Po jakiś 5 minutach szukania apteczki, podeszlam do niego i próbowałam go opatrzyć.
- Powiem ci, że nieźle Cię skopali.
-Jakoś przeżyje.
Biorę waciki i przykładam mu do wargi.
- Boli Cię coś konkretnie?- pytam
- Strasznie brzuch.
- Dobra to ściągnij koszulkę.
Popatrzył się na mnie dziwnie.
- Haha. Spokojnie. Muszę Ci pomóc.
-Hahaha. Tak oczywiście.- powiedział zdejmujac koszulkę.
Miał wiele siniakow. Strasznie to wyglądało. Wzięłam szybko krem i posmarowałam mu stłuczone miejsca.

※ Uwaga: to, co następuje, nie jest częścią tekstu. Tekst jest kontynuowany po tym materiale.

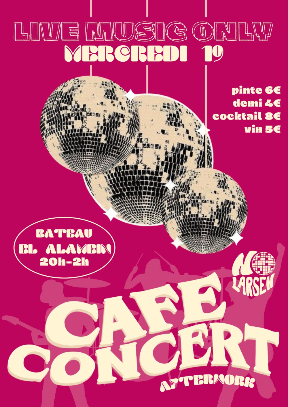 2025-11-19 20:00:00 2025-11-19 23:55:00 Europe/Paris Live Music Only / Cafe Concert afterwork Reservations on : https://www.billetweb.fr/live-music-only-cafe-concert-afterwork -- Live Music Only / Cafe concert afterwork Evenement réservé aux élèves de l'ECE Paris   Tarif adhérent (membres de No Larsen, sous réserve de vérification) : 5€ Tarif non membre : 8€       Bateau El Alamein, Port de la Gare, Paris, France bateau el alamein

- Musisz mnie lubić. - powiedział
- Wiesz, znamy się kilka godzin.
- Nikt nie zrobił dla mnie czegoś takiego.
Oczywiście taka ja, od razu zaczerwieniłam się.
- Ktoś tu się zaczerwnił. Widzisz. Miałem racje. - uśmiechnął się
Odwzajemnilam jego uśmiech i nadal próbowałam zrobić coś z jego ranami.